The achievement, when it eventually came, was, however, a remarkable one. The most formidable obstacle to successful domination has been a mountain range, the Apennines. The Apennines stretch down the peninsula for 1,000 kilometres rising to nearly 3,000 metres in places and are often between 50 and 100 kilometres wide. There are pockets of fertile land high in the Apennines so a reasonably sized population can be supported, but the range breaks up and isolates communities. Italy, as a result, has always been a country of unexpected diversity, strong regional loyalties, and well-established local languages. Even in the twentieth century Italian remained a second language for many ‘Italians’.
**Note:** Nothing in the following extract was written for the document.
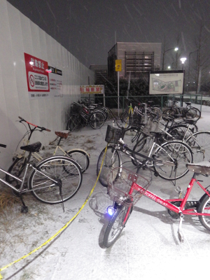 センター試験2日目のこの日,雪が降る朝6時に宮城野原駅に到着した時点で,駅前に違法駐輪された自転車の数は,前日と同程度であった。点字ブロックの上に停められた自転車は2台であった。

Around the Apennines lie the coastal plains. The richest is the Po valley in northern Italy that makes up 70 per cent of the lowland of Italy. Further north the Alps appear to close the peninsula off from Europe. In fact they are not as impassable as they look. The extraordinary find of ‘The Ice Man’, a body dating from 3300 BC, high in the Alps in 1991 shows that individuals were crossing by foot in the earliest times, and ‘Celtic’ tribes, driven by overpopulation or tribal rivalry, successfully migrated
Across the Alps in the sixth and fifth centuries Bc and settled in the Po valley. It was these resilient peoples (Gauls to the Romans) rather than the Alps that were to provide the main barrier to Roman expansion in the north.
The Romans had other people to subdue before they could achieve their ‘destiny. The most fertile land along the Apennines is that along the west coast. The soil is volcanic and the rainfall good, while between the rivers Tiber and Arno are to be found some of the richest mineral deposits in the central Mediterranean. The coast is indented and so provides a safe haven for seafarers. From the eighth century, easterners, Greeks and Phoenicians in particular, were trading inland for minerals. Their suppliers were the native peoples of Etruria, the Etruscans, who grew rich on the pickings of the trade.